Re: con-translation (was: Semitic/Celtic Ties)
From: | Raymond A. Brown <raybrown@...> |
Date: | Sunday, March 21, 1999, 15:33 |
At 5:43 am +0000 13/3/99, John Fisher wrote:
.......
>I was a bit surprised by your translation, as it's clear to me that
>the inscription is in fact written in an archaic form of Elet Anta.
>My own command of archaic EA is pretty sketchy, but the inscription is
>not very difficult.
[snipped]
>
>> RE-A-NJA (the three symbols)
>The three linear symbols should in fact be read
>LO-A-NA
>Note that Linear B and the other syllabaries of the area do not
>distinguish between /l/ and /r/.
Although Linear B does not make that distinction, the Cypriote syllabary,
in fact, did distinguish the {la}, {le}, {li}, {lo}, {lu} series from the
{ra}, {re}, {ri}, {ro}, {ru} series. What Linear A did is anyone's guess
until such time that the script yields to decipherment.

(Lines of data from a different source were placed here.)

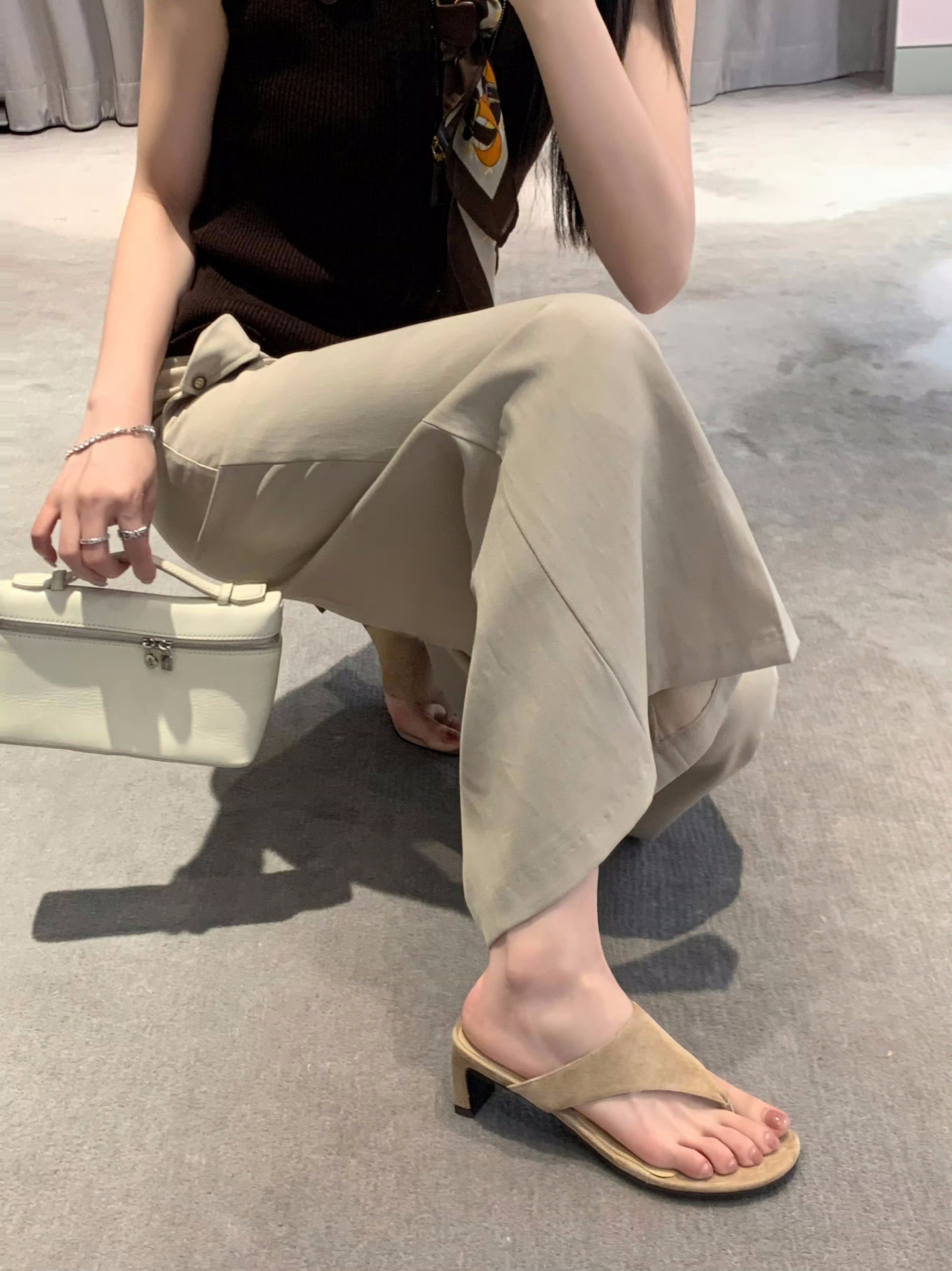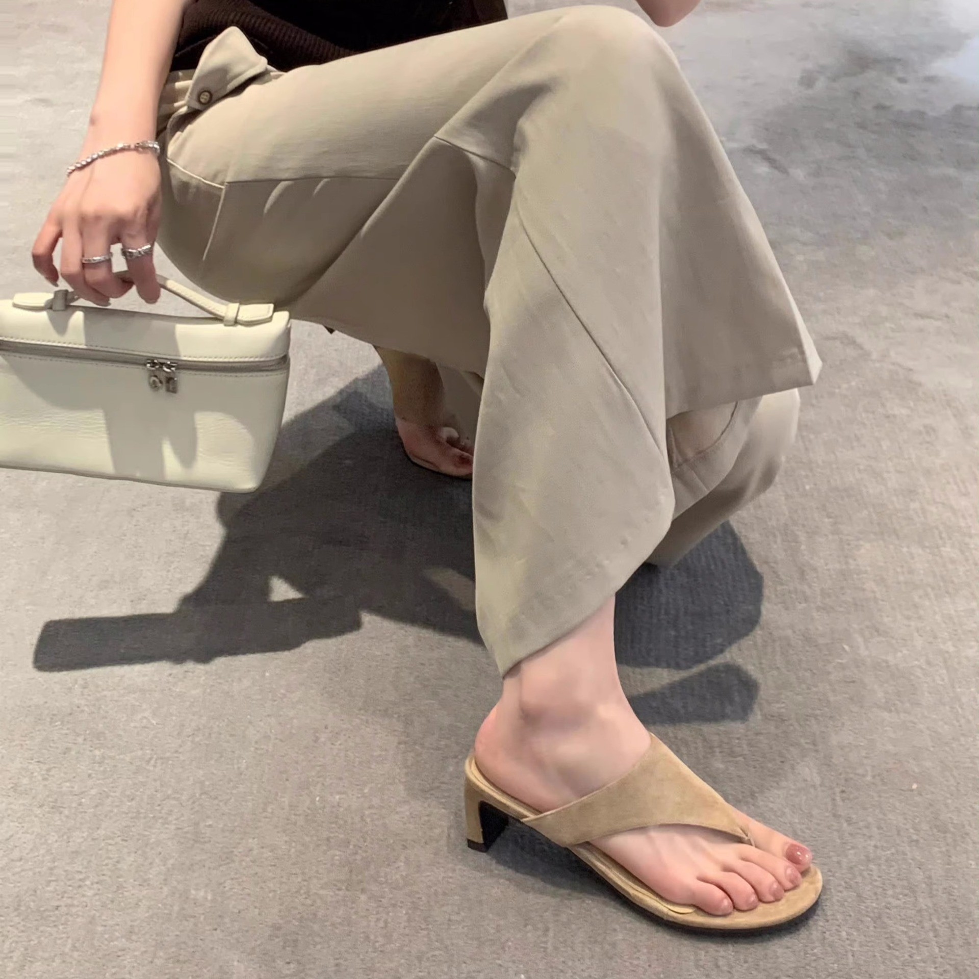 소가죽 버전~심플한 천연가죽 두꺼운 굽 하이힐 슬리퍼 여성 여름 프렌치 슬리퍼 아우터 샌들 하프 슬리퍼스토어 가기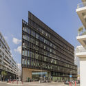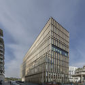 From the architect. Boursorama Banque has moved into its new Parisian head office in Boulogne-Billancourt designed by Studioninedots. In collaboration with Ateliers 115, Studioninedots created a robust and clear building distinguished by its subtle recesses and terraces but foremost by the striking facade that interplays rhythms of bronze-coloured blades.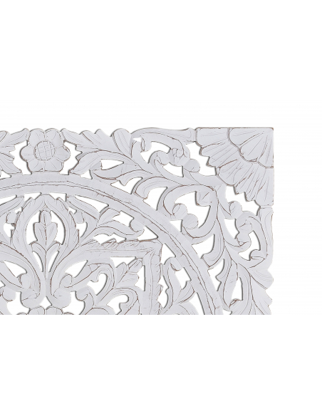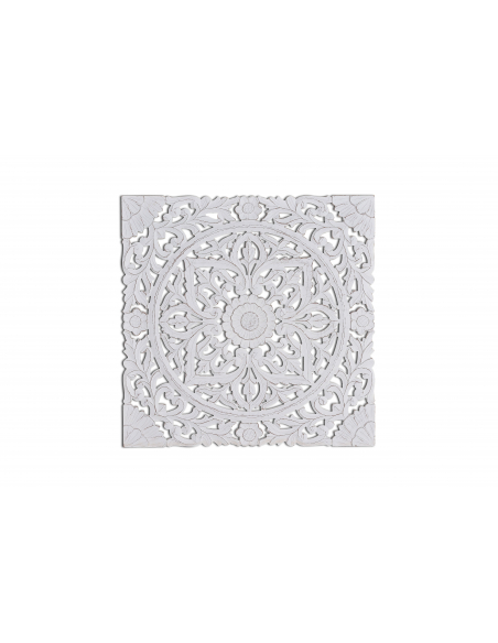 Panel decorativo cuadrado madera blanco envejecido. Panel decorativo madera tallado a mano con diseño de motivos naturales en color blanco. Posibilidad de colgar vertical u horizontal.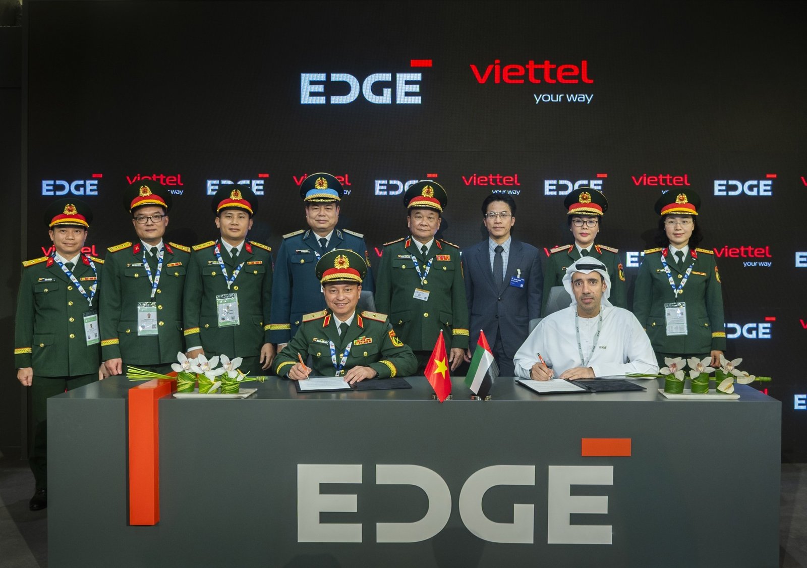وقع الاتفاقية عمر الزعابي، رئيس الشؤون التجارية في مجموعة ايدج، واللواء نجوين دينه تشيين، نائب رئيس مجموعة فيتل، بحضور الفريق أول هوانغ شوان تشين، نائب وزير الدفاع في فيتنام.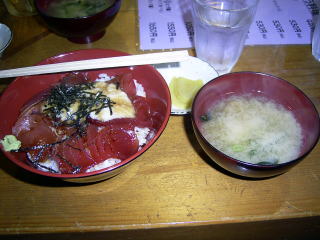 | もちろん、勝浦へ来たら「マグロ」でしょう! ということで、マグロ丼や、ネギトロ丼 そして、クジラもいただいちゃいました〜(^о^) 美味しかった〜♪ |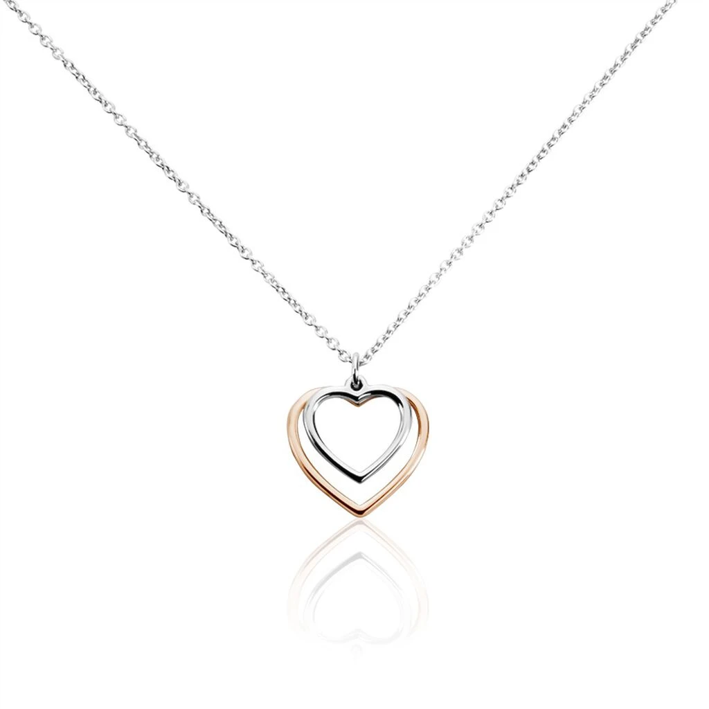 Collier Argent Bicolore 925/1000 Double Coeurs Maille Forcat 45cm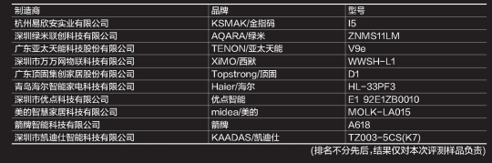 ●样品:根据消费者调查、大数据分析进行初步筛选,样品功能须涵盖指纹、密码、磁卡3个测评项目,再从天猫、京东、苏宁3个电商平台里筛选出销量最高、价位最优惠的20个型号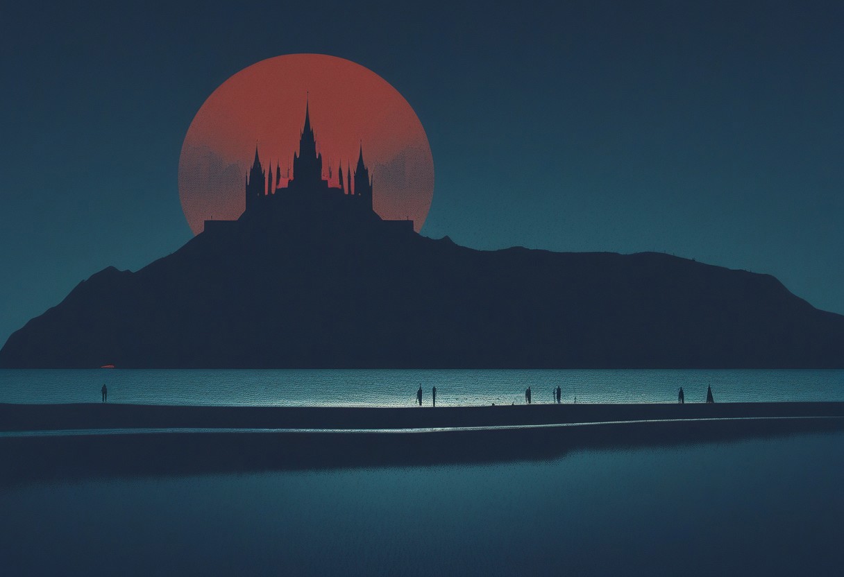 busy and crowded ancient city that slops towards a protected port, witches watching a small partialy obscured bright solid red featureless orb drop from the sky into the ocean in front of the city, creating a large ripple, huge dark orange clouds in distance, novuschroma28 style, reflective water, DnD_Grainyboyz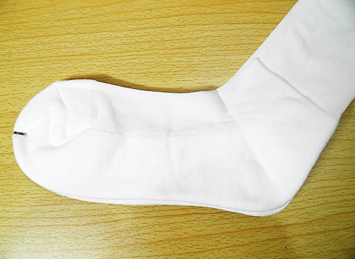 つま先・足底・かかと・アキレス腱部分に綿糸で厚みをつけて、補強されています。

>This is clearly the name of the Anta
>goddess Loarna.
>
>Thus the text in fact reads:
>
> "The boy (or prince) of the Left-Hand Folk, of ordinary rank until
> today, comes to lead the people. LOARNA."
>
>Matching it to the modern EA:
>
> Epenyoye setanirvey enente par Shifaye. Loarna.
> epioi zETanTE enetE par siPai LO-A-NA
>
>Or if siPai is a name:
>
> "The boy (or prince) Sipai, of ordinary rank until today, comes to
> lead the people. LOARNA."
Darn it! So speakers of proto-Elet-Anta were settled in the Lisithi plateau
in the 3rd century BC. Oh dear - I'll have to revise all my earlier
theories :)
Ray.
PS - I was a little surprised that no Semiticist on this list queried
Gordon's or Steiglitz's 'translations' of the Psykhro inscription.